Records contained in a dataset
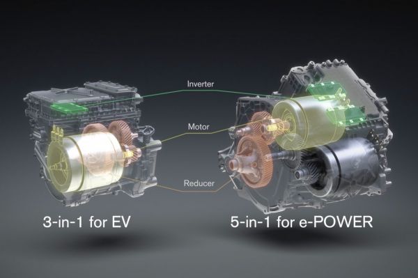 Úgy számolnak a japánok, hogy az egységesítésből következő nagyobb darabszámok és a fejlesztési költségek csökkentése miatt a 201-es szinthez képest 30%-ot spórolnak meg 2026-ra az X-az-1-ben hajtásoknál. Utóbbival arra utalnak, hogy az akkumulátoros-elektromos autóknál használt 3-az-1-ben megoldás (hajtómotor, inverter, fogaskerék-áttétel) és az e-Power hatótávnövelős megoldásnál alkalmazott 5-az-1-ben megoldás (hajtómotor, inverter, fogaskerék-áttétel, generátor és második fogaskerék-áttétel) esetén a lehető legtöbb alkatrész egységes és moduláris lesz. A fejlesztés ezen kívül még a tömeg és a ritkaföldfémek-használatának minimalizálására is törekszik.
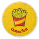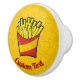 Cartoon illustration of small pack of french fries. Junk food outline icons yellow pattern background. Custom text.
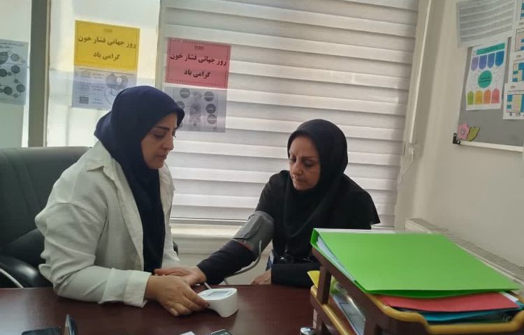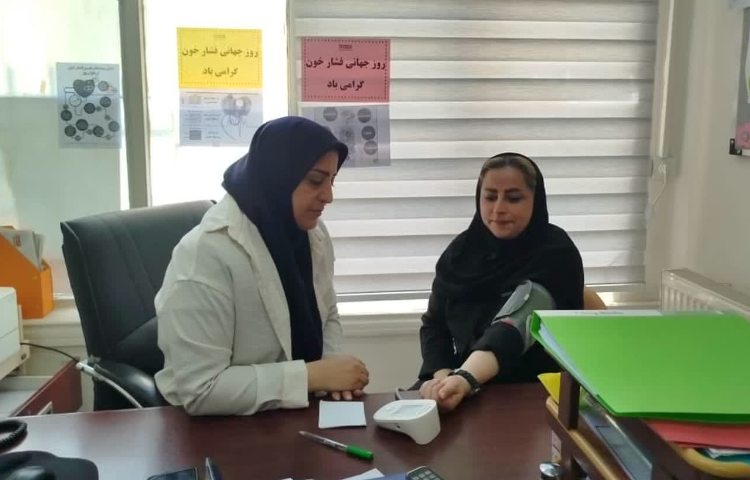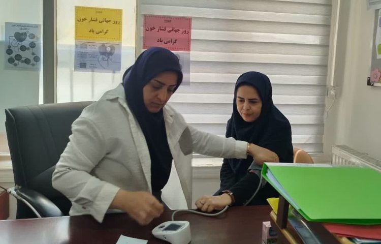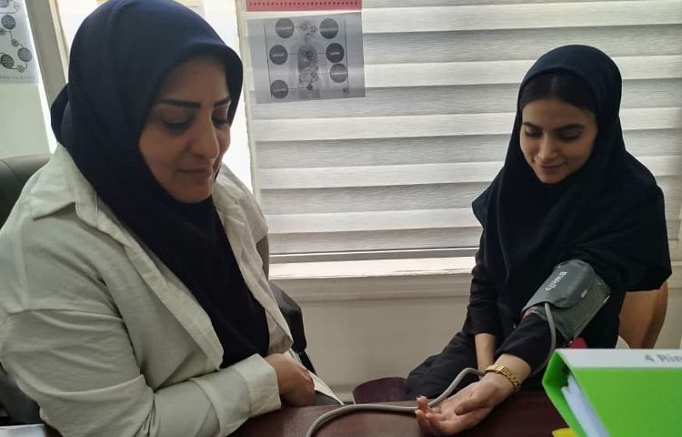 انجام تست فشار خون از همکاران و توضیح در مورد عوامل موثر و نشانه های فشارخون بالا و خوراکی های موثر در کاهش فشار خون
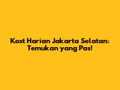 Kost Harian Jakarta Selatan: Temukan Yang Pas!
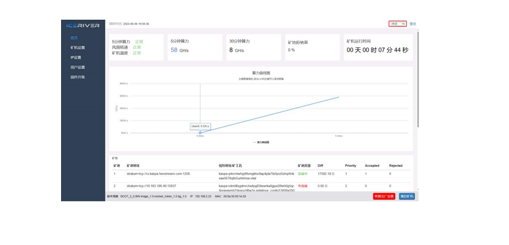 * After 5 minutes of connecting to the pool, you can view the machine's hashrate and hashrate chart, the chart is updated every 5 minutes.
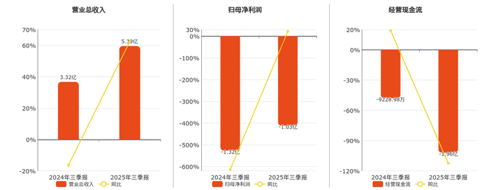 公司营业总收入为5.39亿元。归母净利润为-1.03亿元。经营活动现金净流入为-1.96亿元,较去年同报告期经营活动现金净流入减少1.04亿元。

...

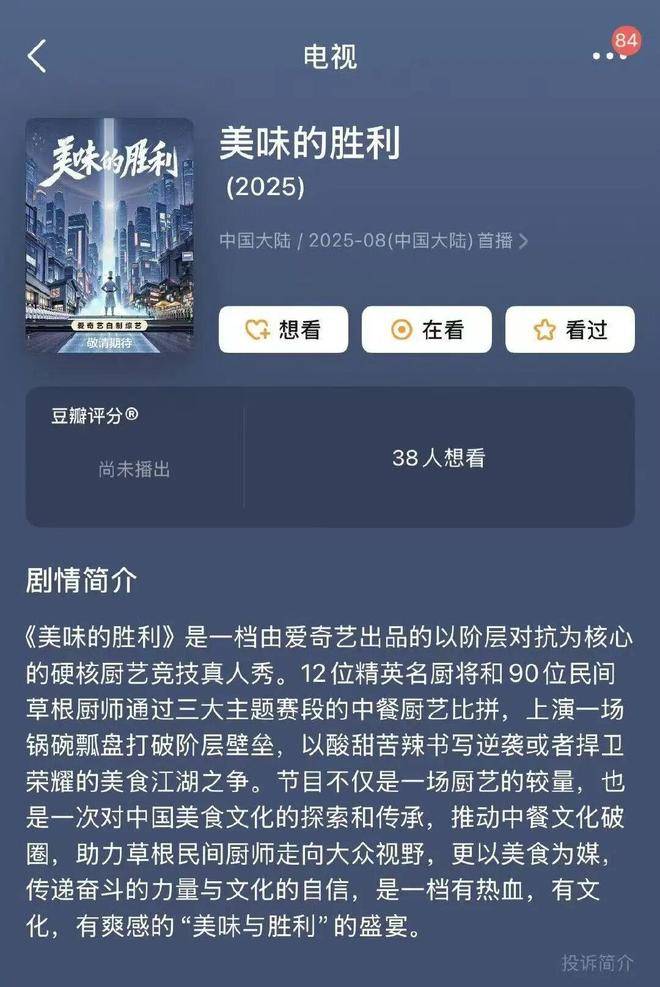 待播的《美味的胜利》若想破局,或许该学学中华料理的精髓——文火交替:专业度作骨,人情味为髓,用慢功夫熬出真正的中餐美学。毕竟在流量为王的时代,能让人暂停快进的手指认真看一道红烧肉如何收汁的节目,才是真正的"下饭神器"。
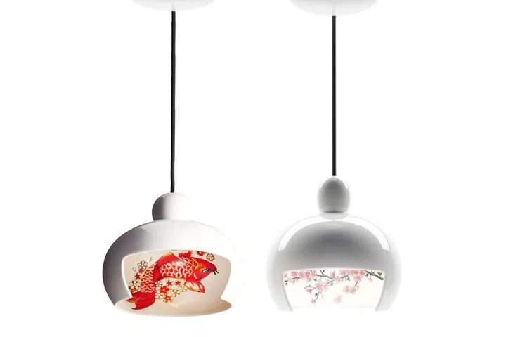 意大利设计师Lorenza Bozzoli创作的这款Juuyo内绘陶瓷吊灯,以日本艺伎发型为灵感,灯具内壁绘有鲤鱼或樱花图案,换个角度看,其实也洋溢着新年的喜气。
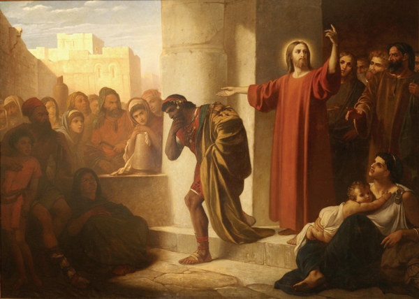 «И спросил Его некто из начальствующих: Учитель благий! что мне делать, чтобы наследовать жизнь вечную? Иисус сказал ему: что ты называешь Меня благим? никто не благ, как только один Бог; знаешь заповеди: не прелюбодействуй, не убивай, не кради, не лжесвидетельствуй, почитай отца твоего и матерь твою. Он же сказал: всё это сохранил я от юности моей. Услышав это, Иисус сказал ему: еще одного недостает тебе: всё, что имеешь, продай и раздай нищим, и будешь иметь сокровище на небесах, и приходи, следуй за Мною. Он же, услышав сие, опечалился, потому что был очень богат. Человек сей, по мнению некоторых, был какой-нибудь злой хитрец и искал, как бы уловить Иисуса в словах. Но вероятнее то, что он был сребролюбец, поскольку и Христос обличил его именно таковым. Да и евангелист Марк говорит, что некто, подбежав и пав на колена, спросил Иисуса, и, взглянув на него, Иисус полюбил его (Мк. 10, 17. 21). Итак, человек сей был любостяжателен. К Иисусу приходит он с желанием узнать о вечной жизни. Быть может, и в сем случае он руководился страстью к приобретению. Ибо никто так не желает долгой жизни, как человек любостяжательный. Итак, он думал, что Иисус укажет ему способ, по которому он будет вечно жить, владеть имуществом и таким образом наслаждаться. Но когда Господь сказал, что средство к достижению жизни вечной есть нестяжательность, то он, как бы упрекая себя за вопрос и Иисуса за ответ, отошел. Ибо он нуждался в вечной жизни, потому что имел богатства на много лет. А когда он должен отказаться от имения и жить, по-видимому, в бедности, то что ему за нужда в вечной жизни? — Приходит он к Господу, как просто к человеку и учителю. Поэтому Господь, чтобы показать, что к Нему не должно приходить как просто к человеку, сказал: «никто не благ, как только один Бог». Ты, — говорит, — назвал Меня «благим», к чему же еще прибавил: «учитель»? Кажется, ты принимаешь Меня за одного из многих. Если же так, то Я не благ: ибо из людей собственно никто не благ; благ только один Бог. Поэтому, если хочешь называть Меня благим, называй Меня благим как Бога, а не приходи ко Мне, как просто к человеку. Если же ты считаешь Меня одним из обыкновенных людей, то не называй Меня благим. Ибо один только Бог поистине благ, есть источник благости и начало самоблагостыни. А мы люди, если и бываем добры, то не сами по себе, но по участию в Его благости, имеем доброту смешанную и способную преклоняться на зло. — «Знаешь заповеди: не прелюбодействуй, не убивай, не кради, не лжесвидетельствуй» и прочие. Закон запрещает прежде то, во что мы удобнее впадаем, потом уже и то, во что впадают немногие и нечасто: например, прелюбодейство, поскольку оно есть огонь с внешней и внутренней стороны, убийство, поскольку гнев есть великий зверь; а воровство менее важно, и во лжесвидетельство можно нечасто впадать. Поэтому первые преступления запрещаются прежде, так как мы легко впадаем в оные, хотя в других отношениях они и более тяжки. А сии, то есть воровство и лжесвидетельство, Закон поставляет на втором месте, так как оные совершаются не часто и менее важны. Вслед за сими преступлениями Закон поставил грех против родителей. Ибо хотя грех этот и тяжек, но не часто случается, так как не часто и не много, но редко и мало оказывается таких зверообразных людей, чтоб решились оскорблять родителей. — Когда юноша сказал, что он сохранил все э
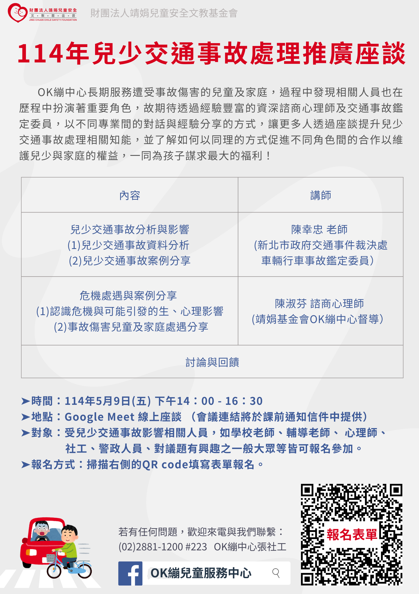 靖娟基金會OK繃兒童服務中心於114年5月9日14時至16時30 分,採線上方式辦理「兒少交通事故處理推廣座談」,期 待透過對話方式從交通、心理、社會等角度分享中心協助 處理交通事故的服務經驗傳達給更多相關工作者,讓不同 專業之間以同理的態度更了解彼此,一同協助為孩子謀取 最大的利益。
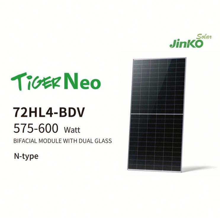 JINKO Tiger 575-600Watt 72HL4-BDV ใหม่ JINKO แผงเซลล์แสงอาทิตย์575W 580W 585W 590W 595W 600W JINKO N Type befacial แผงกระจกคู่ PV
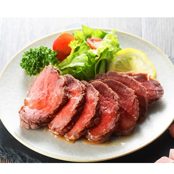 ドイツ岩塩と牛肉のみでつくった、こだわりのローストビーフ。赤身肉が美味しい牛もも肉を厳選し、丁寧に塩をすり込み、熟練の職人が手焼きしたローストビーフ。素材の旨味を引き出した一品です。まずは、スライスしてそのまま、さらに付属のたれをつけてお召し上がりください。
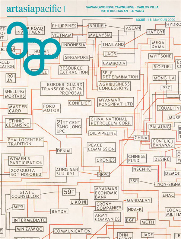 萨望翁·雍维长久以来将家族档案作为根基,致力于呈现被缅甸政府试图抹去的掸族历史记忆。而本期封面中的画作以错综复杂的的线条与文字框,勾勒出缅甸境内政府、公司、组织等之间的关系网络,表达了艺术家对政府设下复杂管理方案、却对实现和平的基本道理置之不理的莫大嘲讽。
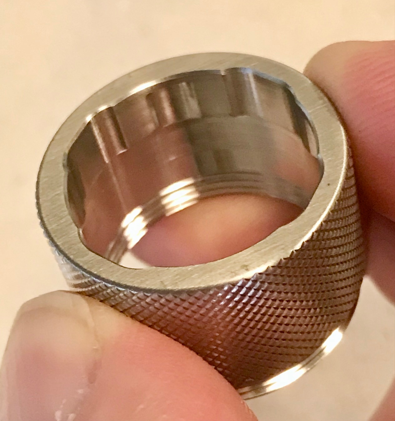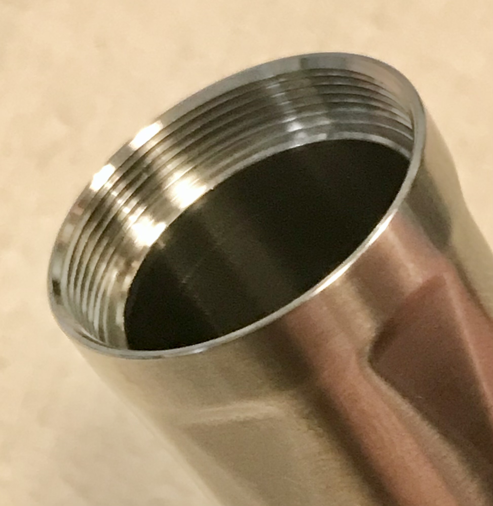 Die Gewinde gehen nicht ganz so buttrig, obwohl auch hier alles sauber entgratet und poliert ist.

## EXERCISE GOAL
Would you set down only the lines above from the line with "待播的《美味的胜利》若想破局" to the line with "意大利设计师Lorenza Bozzol", both included, exactly as they stand and without the pictures?

## EXERCISE SOLUTION
 待播的《美味的胜利》若想破局,或许该学学中华料理的精髓——文火交替:专业度作骨,人情味为髓,用慢功夫熬出真正的中餐美学。毕竟在流量为王的时代,能让人暂停快进的手指认真看一道红烧肉如何收汁的节目,才是真正的"下饭神器"。
 意大利设计师Lorenza Bozzoli创作的这款Juuyo内绘陶瓷吊灯,以日本艺伎发型为灵感,灯具内壁绘有鲤鱼或樱花图案,换个角度看,其实也洋溢着新年的喜气。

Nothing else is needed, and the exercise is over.